The pound continued its slide against both the dollar and the euro Wednesday, as the latest U.K. papers on its post-Brexit relationship with the European Union suggested a leadership still thrashing about for options rather than delivering a clear set of proposals.

The pound has traded for much of the morning so far at below $1.28 for the first time since June. At 10.02 am in London, the currency had recovered slightly from the morning's low of $1.2792 against the greenback to trade at $1.2802 and the euro was trading at £0.9211, up 0.42% compared with the previous close of 0.9172

With the timetable for talks getting ever-tighter, businesses from airports to the auto-industry still looking for clues on what a softer-than-previously envisaged Brexit will look like.
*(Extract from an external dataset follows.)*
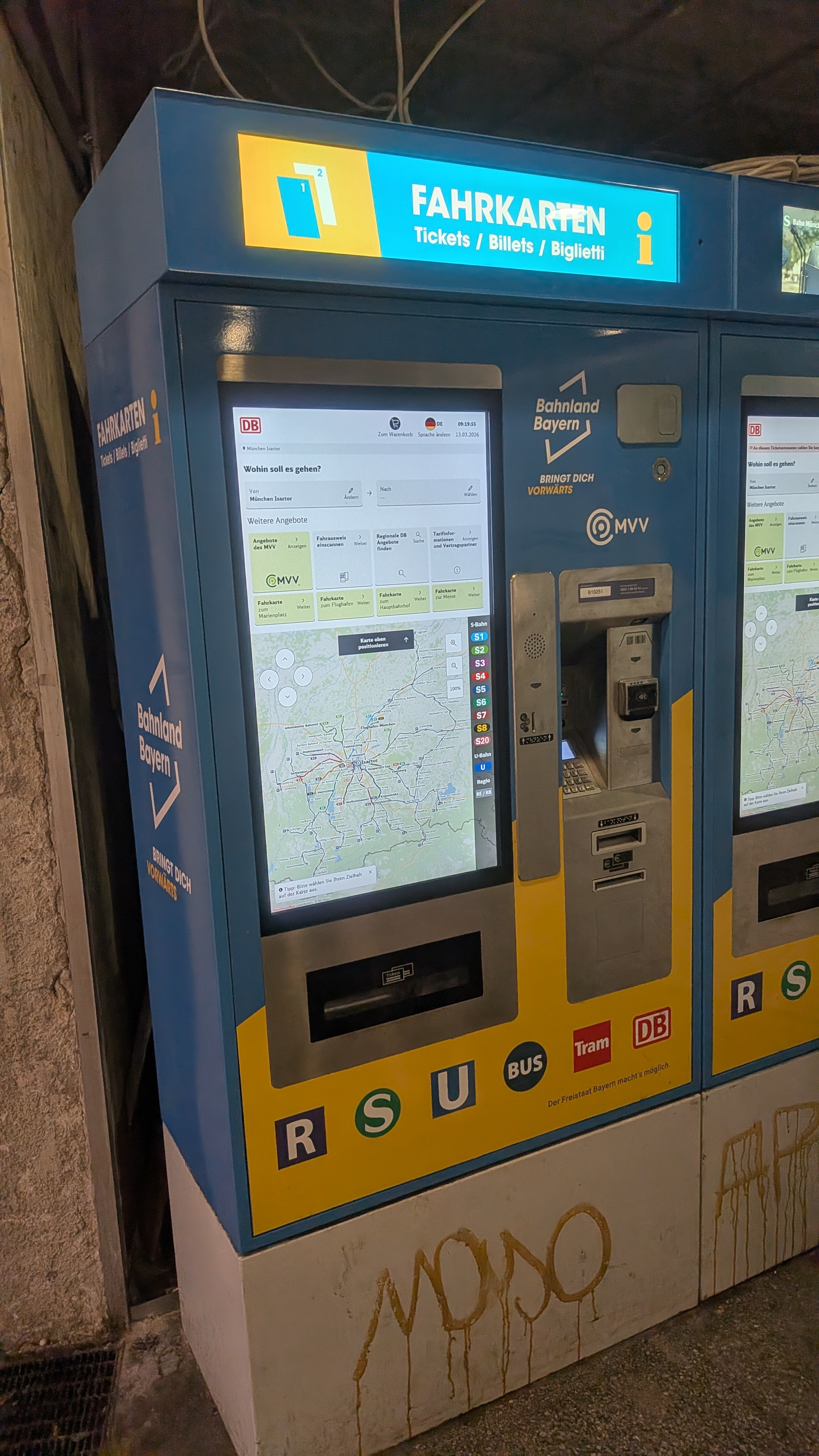 ドイツで初めて地下鉄に乗った.乗り放題券が得なのでそちらを購入.ドイツやオーストリアには改札がない.噂ではたまに覆面の確認員の人が現れて切符を確認するらしく,そのときにないとすごい罰金になるらしい.切符はネットで買える他,券売機でも買える.ネットが便利なので買ってから移動した.

Meanwhile gloom over Britain's economic prospects continued to worry the markets, despite the surprise news yesterday that tax revenues last month outstripped spending by £200 million to create the first July surplus for 15 years.
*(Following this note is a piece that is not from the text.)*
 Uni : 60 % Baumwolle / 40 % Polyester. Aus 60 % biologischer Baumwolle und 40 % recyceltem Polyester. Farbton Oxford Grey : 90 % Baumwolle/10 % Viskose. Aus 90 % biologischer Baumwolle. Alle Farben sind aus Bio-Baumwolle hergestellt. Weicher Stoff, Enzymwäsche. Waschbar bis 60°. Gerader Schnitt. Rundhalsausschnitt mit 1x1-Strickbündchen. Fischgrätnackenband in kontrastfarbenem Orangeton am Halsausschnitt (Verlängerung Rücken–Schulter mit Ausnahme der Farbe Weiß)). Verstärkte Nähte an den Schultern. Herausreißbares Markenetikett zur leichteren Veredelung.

Yet in the Eurozone, the latest IHS Markit surveys point to a continued recovery especially in manufacturing and particularly in France where the results were unexpectedly positive. The purchasing managers' index for the French manufacturing sector rose to 55.8 from 54.9 the previous month, well in advance of expectations and the fastest in more than six years.

In Germany, the manufacturing index, increased to 55.7 from 54.7 in July, instead of remaining flat as economists predicted.